Emy Afalava is a loyal American and decorated veteran. He was born in American Samoa, a U.S. territory since 1900. He has been subject to American law his whole life and thinks he should be a citizen.
The Constitution would agree. The Fourteenth Amendment declares that “All persons born … in the United States, and subject to the jurisdiction thereof, are citizens of the United States.”
Yet, Afalava has been denied the right to vote because the federal government insists that he is no citizen. How can it be, in the 21st century, that Americans born on U.S. soil are denied the rights of citizenship?
That injustice clouds the recent celebration of the 115th anniversary of the decision of American Samoa to join the United States. It is a wrong that Afalava and other American Samoans are now seeking to right in a federal lawsuit before the D.C. Circuit. A decision could come any day.
Since the United States was established, it adhered to the rule that those born on U.S. lands were U.S. citizens. The rule is colorblind, yet the only exception that the Supreme Court has ever declared was not.
The infamous Dred Scott case legitimized slavery as it declared that free African-Americans had “no rights that the white man was bound to respect.” Though they were Americans, they were not citizens under the Constitution.
A Civil War later, the 14th Amendment reversed the ruling in the Dred Scott case. Today, the Dred Scott case has come to be regarded as one of the worst decisions in the history of the Supreme Court.
But racial discrimination didn’t end there.
In 1904, a Puerto Rican woman named Isabel Gonzalez sailed for New York. Because Puerto Rico was U.S. territory, she believed herself to be a U.S. citizen. But officials at Ellis Island labeled her an undesirable alien and prevented her from entering the mainland. She sued, with some reason to hope for a favorable ruling.
Yet the Supreme Court that eventually heard Gonzalez’s case was still racist. In preceding years, for example, it had permitted a flat ban on naturalizing anyone of the Chinese race.
And, in a case addressing the status of recently acquired island territories such as Puerto Rico, the justices had cited the alleged racial inferiority of tropical peoples as reason to treat these lands as second-class U.S. territories. Justice Edward Douglas White’s opinion stated that U.S. sovereignty extended over them, but that their residents did not hold the same constitutional rights as other Americans. He did so, he privately revealed, because “he was much preoccupied by the danger of racial and social questions.”
In the Gonzalez case, the justices agreed unanimously that Puerto Ricans were not aliens and thus not subject to immigration laws. But they declined to decide whether or not Gonzalez was a citizen. Though preoccupied by fears that islanders were “savages” and racially unfit for citizenship, they were unwilling to violate the Constitution.
As a result of the court ruling, federal officials were able to deny Gonzalez and others the full panoply of rights conferred on citizens for years.
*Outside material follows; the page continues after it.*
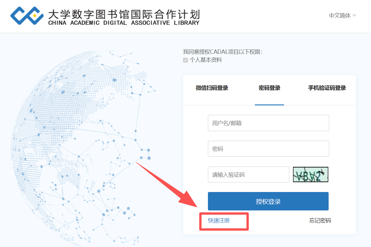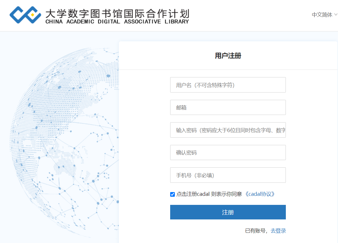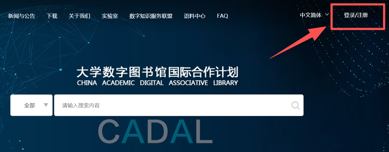 訪問(wèn)CADAL官網(wǎng)(搜索:大學(xué)數(shù)字圖書(shū)館國(guó)際合作計(jì)劃),點(diǎn)擊右上角“登錄/注冊(cè)”即可打開(kāi)登錄頁(yè)面。
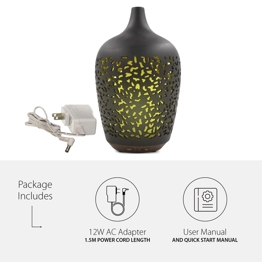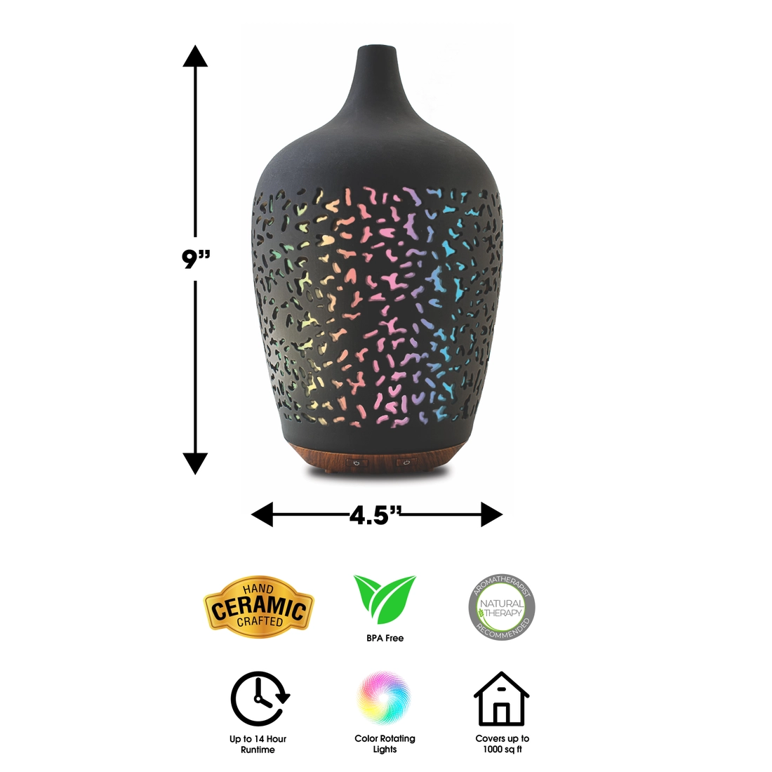 The Lux Elena diffuser is more than just a functional piece; it’s a statement of luxury and modernity. Crafted from real black ceramic, this diffuser creates a serene ambiance while enveloping your room in the soft mist of your favorite essential oils. Its sleek and artistic cut-out design allows either warm white light or a rotating spectrum of colors to dance through, creating a calming glow in any space.

As Isabel Gonzalez’s lawyer told the Court, declaring that residents of America’s island territories are not U.S. citizens would mean adding to “precedents in our history of which we are least proud.” Those precedents, he warned the Court, had been “repudiated by the American people in the Civil War, by three amendments to the Constitution of the United States, by this court, and by … advancing civilization.”
Surely, 147 years after the Dred Scott case was overturned, the time has come to put an end to this farce. In the past century, the inhabitants of every other U.S. island territory have become citizens. Today, Emy Afalava and his fellow American Samoans are the last Americans still waiting to become citizens.